For starters, what exactly is “recreational use” of Viagra? No one “needs” an erection (not even to conceive, although it makes it easier), and in that sense virtually every use of Viagra is “recreational.” Of course, some men–such as diabetics–have erection problems for reasons beyond their control, while others choose the circumstances in which they can’t get it up or keep it up. But this is hardly the way to allocate health resources. We don’t say, “your knee operation is less important–’recreational’–because it was necessitated by too much tennis rather than arthritis or a car accident.”

Any time a man wants an erection but can’t get one, there’s a reason. Physicians and psychologists disagree on whether physical or emotional causes are more common, but all agree that something is interfering, whether it can be diagnosed or not. In that respect, use of erection drugs can be seen as either all legitimate or all recreational.

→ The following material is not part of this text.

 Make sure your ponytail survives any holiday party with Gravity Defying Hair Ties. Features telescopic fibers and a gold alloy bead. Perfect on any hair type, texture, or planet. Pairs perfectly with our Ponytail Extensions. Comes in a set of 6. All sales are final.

The great sin of the pharmaceutical erection cheerleading squad is not that they imply that most men can have great erections (and therefore great sex); it’s that they imply that most men need great erections for decent sex. They also imply that the ultimate solution to unreliable erections is reliable erections. It isn’t. For most men (i.e., those with intact vascular and neurological systems), the ultimate solution is resolving whatever emotional, relational, spiritual, or cultural issues make getting erections difficult. If hating your wife, your body, your priest, or your life makes it hard to get erections, you don’t need better erections. You need something much more important. And you can’t get it at a drugstore.

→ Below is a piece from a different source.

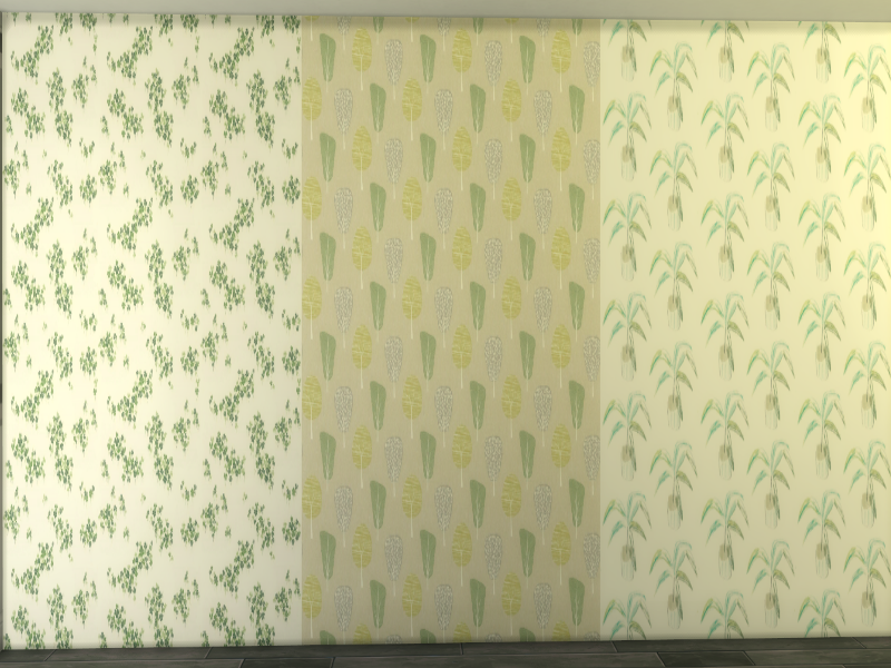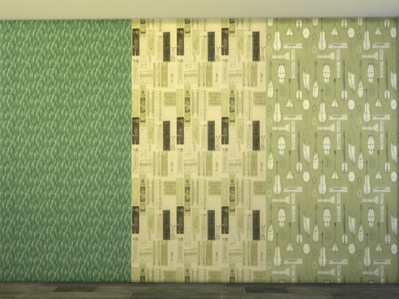 Some more Green wallpapers for you to enjoy, 6 swatches for 3 wall heights. Each cost 2 simoleons each.

Some people say that Viagra is more proof that men run the world, and that our culture’s default model of sexuality is the male model. That’s exactly wrong. Men are participating in their own exploitation, believing that when they’re too anxious, sad, lonely, angry, or conflicted to get an erection, getting an erection will make them ready for sex. It won’t.

Emotional connection and self-acceptance will get you through times of no erection better than erections will get you through times of emotional isolation and self-rejection.